Amy Andrychowicz says
Awesome, thanks for sharing your tip about how you get rid of squash borers. I have never tried this method, so I will definitely have to try it sometime.
Susan says
Thanks. I have so many squash plants in a small area that it might be hard to find them by sticking a pin in the vine. If there is another way, I’d like to hear it. Thanks.
Amy Andrychowicz says
The only way you can get the borers out of your squash vines is to find them and dig them out, as I demonstrated in the article above.
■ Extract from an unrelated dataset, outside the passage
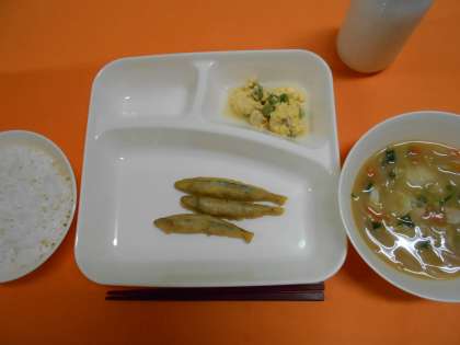 きびなごてんぷら、みそ汁、えんどうの卵とじ、ごはん、牛乳

However, if you don’t want to do that, you can bury the section(s) of the vine above the borer. That way, the vine will grow new roots, and survive even if the bottom part has been completely severed by the borer. Good luck!
Nicole Thompson says
Neem oil doesn’t harm bees. http://npic.orst.edu/factsheets/neemgen.html#wildlife
Mike says
Exactly. No reason not to use neem.
Nancy says
I read that planting radishes around squash would deter squash vine borers. Has any one tried it?
Amy Andrychowicz says
I haven’t heard of that combination before. I do know that nasturtium is said to deter squash borers though, so try that.